#Impact365: “Society doesn’t train young people to believe in themselves” | Joyce Onwumere of Ola Foundation discusses youth empowerment

Youths in Nigeria possess the potential to build the nation, improve the quality of their own lives and change the narrative that has existed for a while now. Most of these potentials are largely untapped, youths are mostly unemployed and a large population of the employed are unskilled.

Founder of Ola Foundation, Joyce Onwumere sits with YNaija’s Impact365 to discuss everything her NGO has been doing to empower young people in Nigeria.

Please tell us more about Ola Foundation

Olafoundation is a non-profit organization founded in 2015 that focuses on youth enablement and mentorship initiatives to ignite a zeal for self-development and leadership for sustainable development in Nigeria.

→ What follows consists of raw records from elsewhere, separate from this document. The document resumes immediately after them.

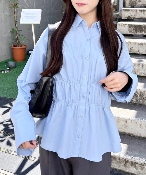 【一枚で大人カジュアルに決まるこなれ感シャツ】 ▼Design ビスチェ風のシャーリングを施したトレンドデザインシャツ シャーリングで表現したコルセットデザインがシルエットにメリハリをつけ、細見えが叶う一着。 シャツ一枚で様になり着映え抜群です。 袖口は程よいワイドシルエットで抜け感がでてカジュアルにまとまります◎ シンプルなワンカラーから、清潔感のあるストライプ柄まで、豊富なカラー展開。 ▼Styling タイトなスカートやデニムパンツなど、ぴったりしたシルエットのボトムス合わせがおすすめ。 デニムと合わせたベーシックカジュアルから、スラックスと合わせたきれいめコーデまで、幅広くコーディネイトできます。 【以下ブルー/ストライプ参考。カラーにより多少の誤差あり】 ・透け感:やや透ける ・伸縮性:なし ・生地の厚さ:普通 ・裏地:なし ▼Recommend ・ビスチェ ・シャツ ・シャーリング ・春シャツ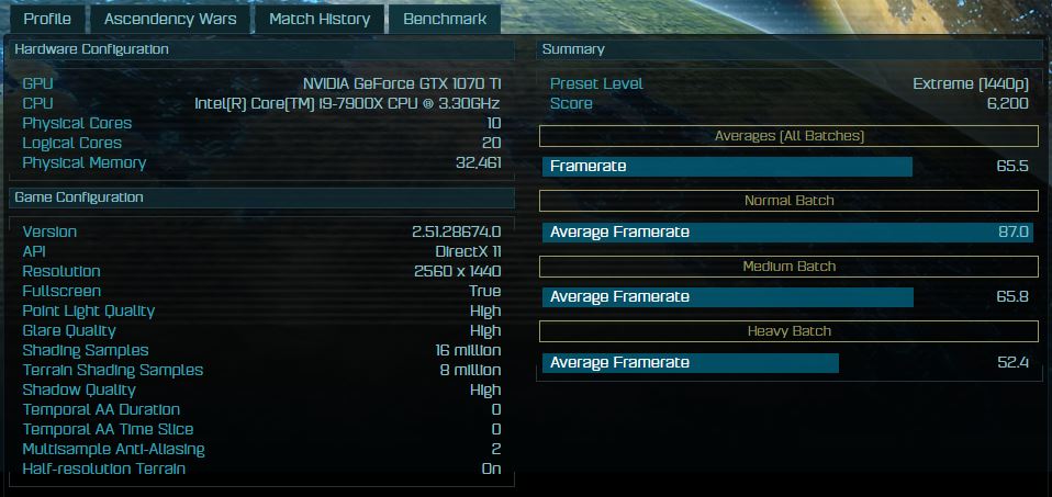 Pour le coup, pas d’information concernant les fréquences de la carte, seulement un score. La prochaine sortie de nVidia affiche quelque 6200 points en 1440p en preset Extreme. À titre de comparaison, une GTX 1080 tape dans les 7000 pts quand une GTX 1070 donne 5400 pts environ. On peut le voir, la 1070 Ti se situe bien entre les deux.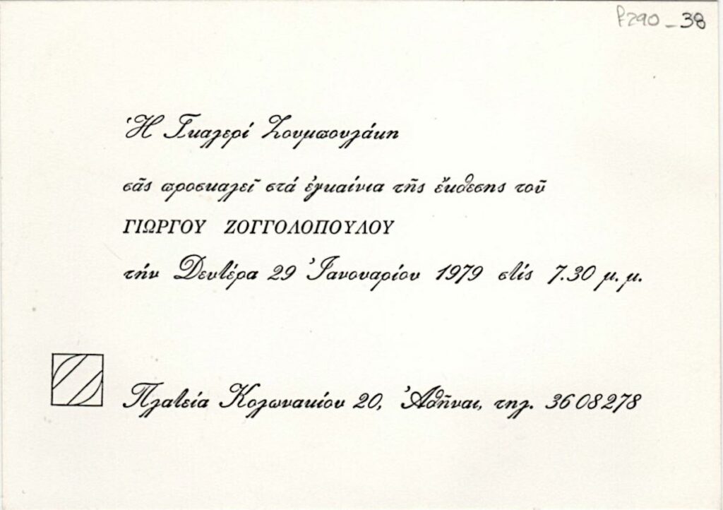 Πρόσκληση στα εγκαίνια της ατομικής έκθεσης του Γιώργου Ζογγολόπουλου στην Αθήνα.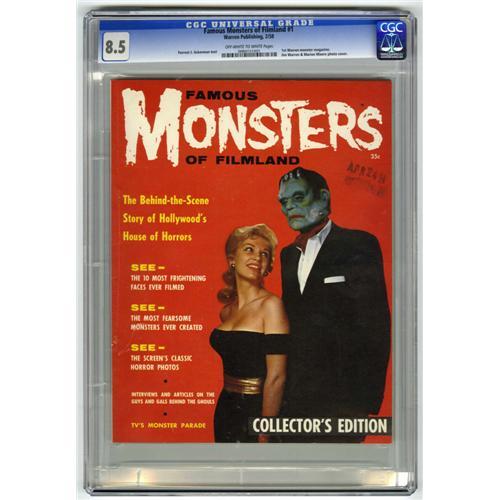 <B>Famous Monsters of Filmland #1 (Warren, 1958) CGC VF+ 8.5 Off-white to white pages.</B></I> When this first Warren monster magazine hit newsstands, it not only started the monster-mag genre, it was the first taste of success for Warren (their only previous publication had been a short-lived <B>Playboy</B></I> knockoff called <B>After Hours</B></I>). The combination of monster-flick photos and Forrest Ackerman's text found favor with fans, and the series was off to a run that lasted 35 years. Also of note is a two-page Frankenstein parody by Bill Elder and Harvey Kurtzman. By the way, the masked fellow on the cover is publisher Jim Warren! Jerry Weist notes in his <B>Comic Art Price Guide</B></I> that #1 "is extremely scarce in conditions above a strict very fine." As the highest grade CGC has assigned for this issue to date is 9.0, we believe our offering to be one of the best copies available. Jerry Weist's Comic Art Price Guide VF 8.0 value = $550; NM 9.4 value = $1,500. CGC census 2/07: 3 in 8.5, 6 higher.<BR><BR><b>Shipping:</b> Comics - Slabbed (certified) (<a target="_blank" href="http://www.heritageauctions.com/common/shipping.php">view shipping information</a>)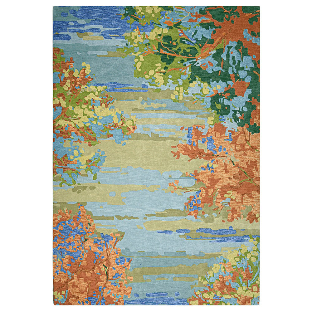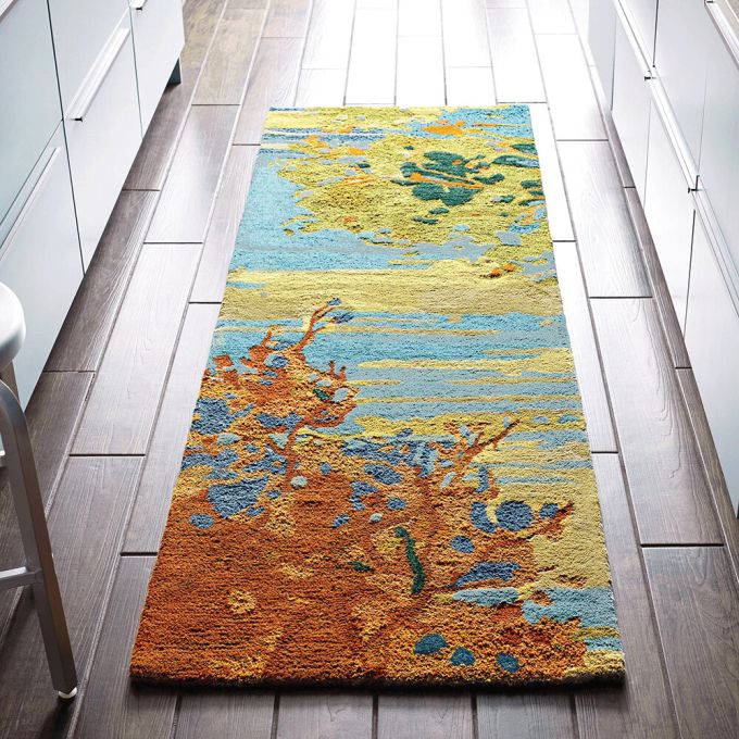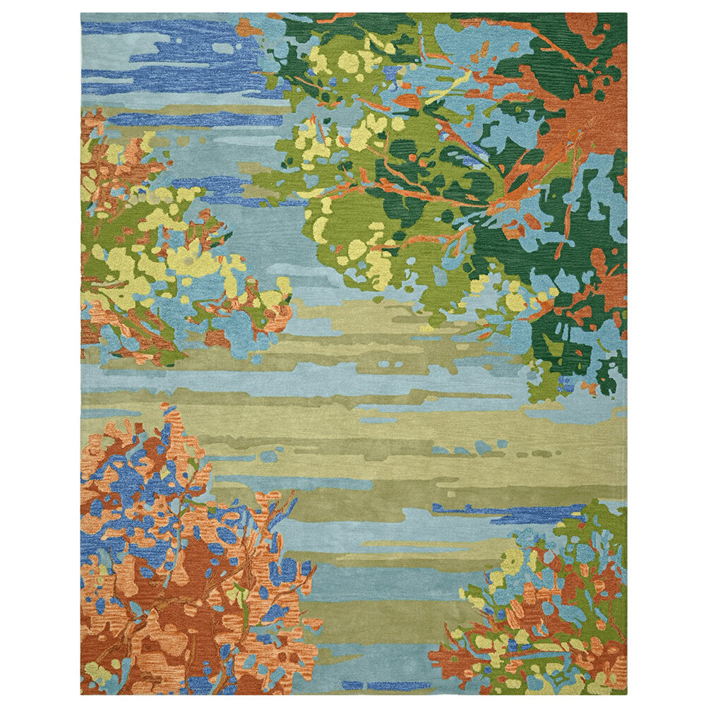 Art for the floor, our hand-made Landscape rug was inspired by an oil painting by artist Jennifer Hansen. Hand-tufted, our pure wool Landscape rug features gradations of color in the sky and trees to form a beautiful backdrop of soothing color for any room.

Currently, we provide internship placements for young people and also people living with disability between the ages of 14 to 20 to provide an accelerated learning process in a particular field of interest, acquire a particular skill and improve their self-confidence as they start the journey of self-discovery and development. Internship placements are available across various sectors like coding with Microsoft, Marketing with HP (Hewlett Packard), Baking with Nuts about Cakes, Digital Arts with Scroll Comics and Shoe Making with Shoespeed.

We also have a program called the School Tour Program where we go to schools to speak to student’s self-development and inspiring them on positive change.

As a young Nigerian, what inspired you to set up Ola Foundation?

Growing up, I always had friends that were good at so many things, drawing, singing, academics and I have watched them kill these gifts over the years unknowingly simply because the environment doesn’t encourage them to develop those skills and our parents were only interested in us making good grades, studying a professional course and getting a job afterwards. However, statistics has shown us over the years that there are simply not enough jobs to cater to the youth population and even with the available jobs, employers complain about high unskilled labor force. If we weren’t wasting these talents, maybe Nigeria would be different.

I started Ola for 3 reasons:

* Help young people harness and develop their skills. Its high time we start to look inwards, God has deposited in us gifts/talents to solve our societal issues.

* Solve the issue of unemployment and lack of skilled labor force due to the gaps in the educational system

* Provide access to opportunities and information for young people to harness and develop their skills

So far since you set up the NGO, how many teenagers have you worked with?

We have provided 50 internship placements in two years and worked with much more for the School Tour program.

Have you been able to track the progress of the young people that have passed through your internships? How well have they done moving forward?

Yes we have. The younger ones go back to school and we encourage them to focus on their education. However from the older ones we have three people aged 17, 19 and 20 who have started their shoe making businesses, they used the proceeds to sustain their upkeep or school fees. We also have about 4 people who code and take up freelance jobs. In general post internship, we provide mentorship for those that indicate an interest and pass on useful information on other activities that will benefit the teens.

How do you fund the internships and training sessions?

We reach out to various companies of interest but in most cases companies only listen when we have a referral.

Have you ever sought for or gotten help from the government at any level?

No. But we plan to in the future.

From your work, what are the challenges that face Nigerian teenagers that you’ve noticed?

They are:

1. Lack of self-confidence: society doesn’t train young people to believe in themselves and that their opinion matters so it becomes hard for them to believe they or their opinions matter. However, there are exceptions.

2. Lack of access to the right information: Nigerian education especially in the public schools cannot in itself harness their potentials. I once went to a school to speak and the speaker before me was addressing the students, telling them not to dream too big that “dreaming big is expensive”, imagine what that does to a child.

What are the major challenges you’ve faced since you set up the NGO?

1. Getting Internship placements: we had over 500 applications but had limited slots. With the recession, companies are not willing to take on more expenses especially with the age range.

2. Funding is also an issue as we also need to cover feeding and transportation costs for interns from humble backgrounds.

Plans for 2017?

In 2017, we intend to scale to 100 placements so we can impact more lives especially for people living with disability.